Which court will deal with a charge of stealing?
If the items allegedly stolen are valued at less than $30,000 or the offender pleads guilty, the charge must be dealt with summarily (i.e. in the Magistrates Court).
If, however the value of the items exceeds $30,000 and the person pleads not guilty, or the item in question is a firearm, and the firearm is stolen with intent to commit an indictable offence, and that particular offence must be dealt with on indictment, then the matter must proceed to the District Court.
What is the penalty for stealing?
As with most offences, the penalty imposed for stealing will depend on the circumstances of each case.

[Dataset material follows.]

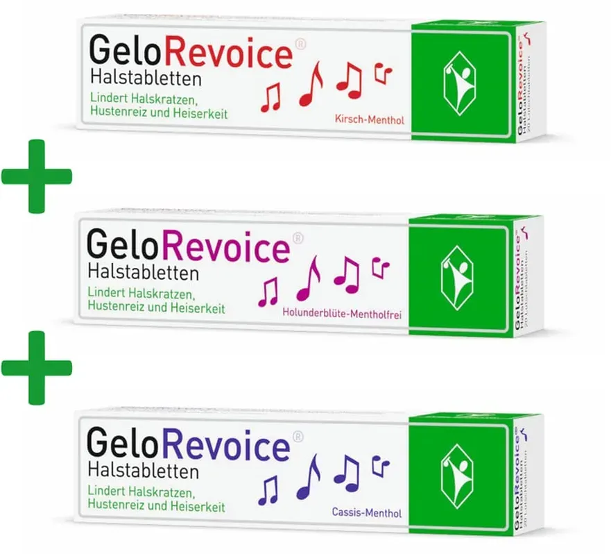 Kategorie: Nahrungsergänzungsmittel - Gelorevoice - Bei Halsschmerzen, Halskratzen, Hustenreiz und Heiserkeit, Hilft schnell spürbar und lang anhaltend - auch bei Stimmenverlust, Schluckbeschwerden und Räusperzwang Wenn die Stimme durch einen Infekt, langes Sprechen oder Singen in Mitleidenschaft gezogen wird, kann GeloRevoice die Beschwerden spürbar schnell lindern. Sie suchen Hilfe bei Halsschmerzen und akuten Schluckbeschwerden? Lutschen Sie gegen Halsweh und Heiserkeit GeloRevoice. Die zuckerfreien Halstabletten legen einen langanhaltenden Schutzfilm auf die Schleimhaut, befeuchten diese und sorgen dadurch für eine Besserung der Stimme. Die Halstabletten sind für GeloRevoice lindert die Symptome dank des einzigartigen Wirkprinzips.Kinder ab sechs Jahren geeignet und in vier verschiedenen Geschmacksrichtungen erhältlich: Kirsch-Menthol, Cassis-Menthol, Grapefruit-Menthol und Holunderblüte-Mentholfrei. Die Halstabletten sind für Kinder ab sechs Jahren geeignet und in vier verschiedenen Geschmacksrichtungen erhältlich: Kirsch-Menthol, Cassis-Menthol, Grapefruit-Menthol und Holunderblüte-Mentholfrei. - 24,99 Euro bei Amazon Marketplace Health & Personal Care - gefunden von billiger.de Dieses GeloRevoice Set mit Muster (3x20 St. & 1x10 St.) für 29.47 Euro ist ideal für Nutzer, die eine größere Menge und eine Probiergröße wünschen. ![]() ![]() GeloRevoice Set mit Muster | 3x 20 St. & 1x 10 St. Lutschtabletten | Bei Halsschmerzen, Halskratzen, Hustenreiz und Heiserkeit | Hilft schnell spürbar und lang anhaltend auch bei Stimmverlust

If convicted without a circumstance of aggravation, or in a case that is not considered to be a “special case”, the maximum penalty is 5 years imprisonment.
What is a “special case”?
The Criminal Code lists a range of circumstances considered to be special cases. These include:
- Stealing wills – if the thing stolen is a testamentary instrument, the offender is liable to 14 years imprisonment.
- Stealing stock – liable to 5 years imprisonment (or longer depending on the value of the stock).
- Stealing from the person – stealing goods in transit – the offender is liable to imprisonment for 10 years.
- Stealing by persons employed in the public service – liable to 10 years imprisonment
- Stealing by clerks and servants – liable to 10 years imprisonment
- Stealing by directors or officers of companies – liable to 10 years imprisonment
- Stealing by agents – liable to 10 years imprisonment
- Stealing property valued at more than $5,000 – liable to 10 years imprisonment
- Stealing by tenants or lodgers (if the value exceeds $1,000- liable to 10 years imprisonment
- Stealing of a vehicle – liable to 14 years imprisonment
- Stealing by looting – liable to 10 years imprisonment
- Stealing a firearm for use in another indictable offence – liable to 14 years imprisonment
What is the difference in penalty for a first offence and subsequent offence?
If a person has been convicted upon indictment (i.e. in the District Court), or been convicted twice summarily (i.e. in the Magistrates Court), that person is liable to 10 years imprisonment.
Will a conviction be recorded?
The Penalties and Sentences Act provides discretion to the court as to whether a conviction should be recorded or not and involves consideration of a number of factors.
For further information on this issue please click here.
What is the takeaway?
No two cases of stealing are the same.
While this article is intended to provide an overview of the offence of stealing, it is not to be considered legal advice and may not cover important aspects that apply to individual circumstances.
It is critical if you’re charged with stealing you obtain early and accurate advice so that you’re aware of the allegations against you, the penalties if convicted and your options.